Suppose that we know `$\mathop{\text{Var}} \left( u_i \middle| x_i = 1 \right) = 3$` and `$\mathop{\text{Var}} \left( u_i \middle| x_i = 2 \right) = 3$`. We do not know `$\mathop{\text{Var}} \left( u_i \middle| x_i = 3 \right)$`, _i.e._, `$\mathop{\text{Var}} \left( u_i | x_i = 3 \right) = \sigma_3^2$` for some unknown parameter `$\sigma_3^2$`.

**1a.** What value must `$\sigma_3^2$` take for our model to be homoskedastic?

**1b.** If `$\sigma_3^2 \neq 3$`, is OLS still unbiased? Is it still the most efficient linear estimator? Explain your answer.

**1c.** *Goldfeld-Quandt* In order to test whether the data we will use to estimate `$(1)$` are homoskedastic/heteroskedastic, we will run a Goldfeld-Quandt test.

We estimate `$(1)$` for the upper one third of the dataset (sorted on `$x$`) and find SSE.sub[3]=1,000. We estimate `$(1)$` on the middle third and find SSE.sub[2]=800. Finally, we estimate `$(1)$` on the lower third and find SSE.sub[1]=600. Each of these three groups has 100 observations.
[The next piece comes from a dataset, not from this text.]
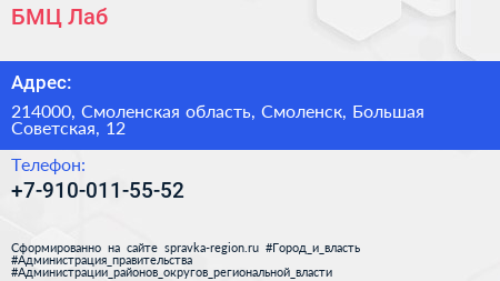 БМЦ Лаб по адресу 214000, Смоленская область, Смоленск, Большая Советская, 12 в дальнейшем Организация, размещена в следующих категориях:

Conduct a Goldfeld-Quandt test. State your hypotheses, calculate the G-Q test statistic, determine the *p*-value, state your conclusion.

**Hint:** You can use the function `pf(q, df1, df2, lower.tail = F)` to calculate the probability of observing a value of `q` or greater in an `$F$` distribution with `df1` numerator degrees of freedom and `df2` denominator degrees of freedom.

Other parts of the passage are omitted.